HIVE iron condor positions are structurally neutral / range-bound; the modeled P&L assumes European-style exercise at expiration and ignores early assignment, transaction costs, dividends paid before expiry on the stock leg (when present), and the bid-ask spread on the listed chain. HIVE positions also carry Financial Services sector concentration risk; news flow inside the sector (peer earnings, regulatory shifts, supply-chain headlines) can move HIVE alongside the broader basket even when HIVE-specific fundamentals are unchanged. Short-premium structures like a iron condor on HIVE carry tail risk when realized volatility exceeds the implied move; review historical HIVE earnings reactions and macro stress periods before sizing. Always rebuild the position from current HIVE chain quotes before placing a trade.
Frequently asked questions
- What is a iron condor on HIVE?
- A iron condor on HIVE is the iron condor strategy applied to HIVE (stock). The strategy is structurally neutral / range-bound: An iron condor sells a call spread and a put spread at strikes outside spot, collecting net premium that is kept if the underlying stays inside the inner short strikes. With HIVE stock trading near $2.71, the strikes shown on this page are snapped to the nearest listed HIVE chain strike and the premiums come straight from the end-of-day bid/ask midpoint.
- How are HIVE iron condor max profit and max loss calculated?
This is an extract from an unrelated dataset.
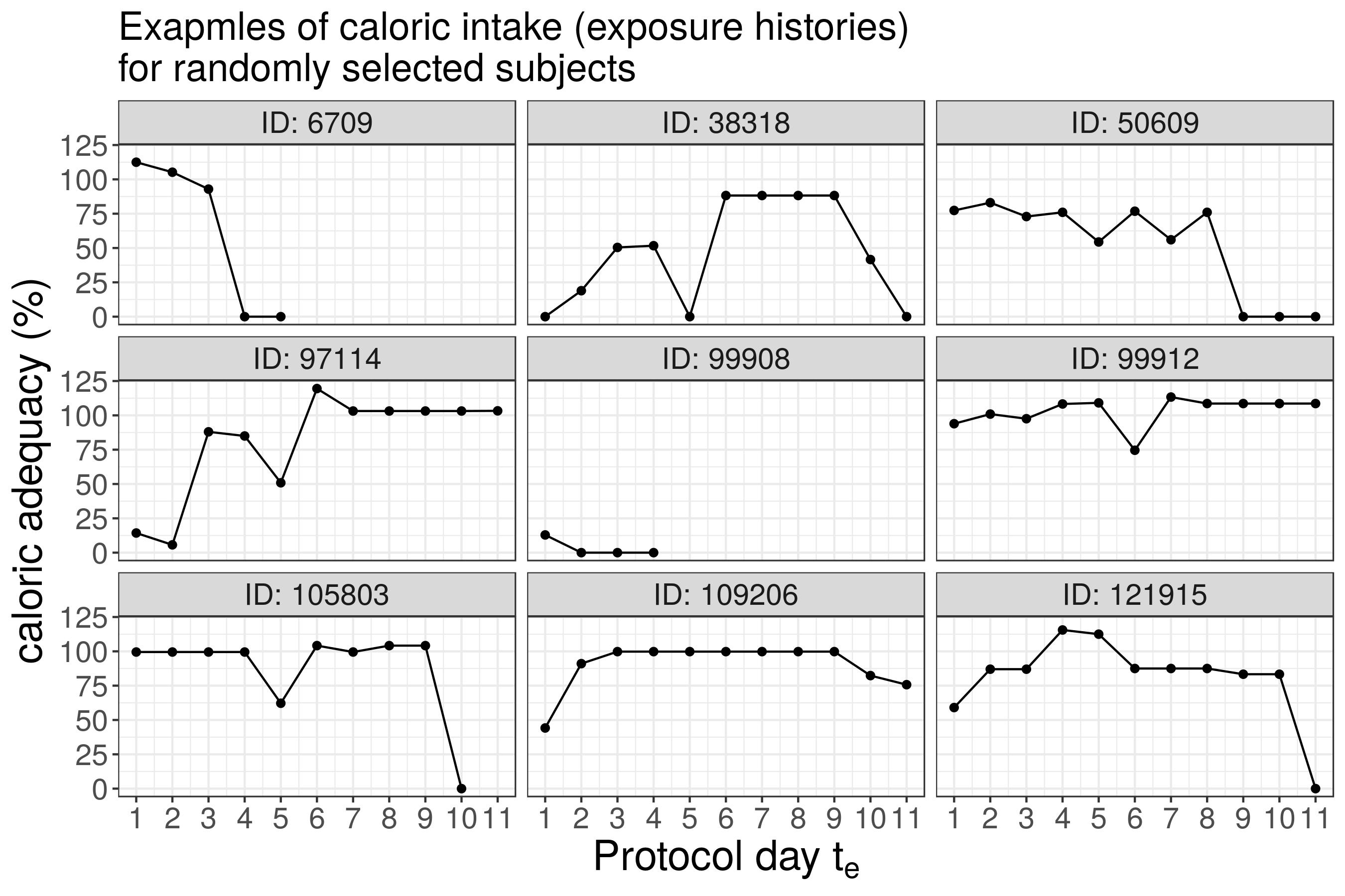 the effect may be cumulative (i.e., 5 days of malnutrition in a row may be worse than only 2 in a row or 5 days malnutrition scattered throughout the follow up while on the other days "correct" amount was provided)

- Max profit equals the net credit times 100 inside the inner strikes; max loss equals wing width minus credit times 100. Two breakevens at inner strikes plus and minus the credit. For the HIVE iron condor priced from the end-of-day chain at a 30-day expiry (ATM IV 102.83%), the computed maximum profit is unbounded per contract and the computed maximum loss is unbounded per contract. Live intraday quotes will differ as the chain moves through the trading session.
- What is the breakeven for a HIVE iron condor?
- The breakeven for the HIVE iron condor priced on this page is no defined breakeven on the modeled curve at expiration, derived from end-of-day chain premiums. Breakeven is the underlying price at which the strategy's P&L crosses zero ignoring transaction costs and assignment risk. The current HIVE market-implied 1-standard-deviation expected move is approximately 29.48%; if the move sits well outside the breakeven distance, the structure's risk-reward becomes correspondingly tighter.
- When should you consider a iron condor on HIVE?
- Iron condors on HIVE are a delta-neutral premium-collection structure that profits if HIVE stock stays inside the inner short strikes; short strikes typically sit near 1 standard deviation from spot.
- How does current HIVE implied volatility affect this iron condor?
- HIVE ATM IV is at 102.83% with IV rank near 27.60%, which is on the low end of its 1-year range. Premium-buying structures (long call, long put, debit spreads) are relatively cheap in this regime; premium-selling structures collect less credit per unit risk.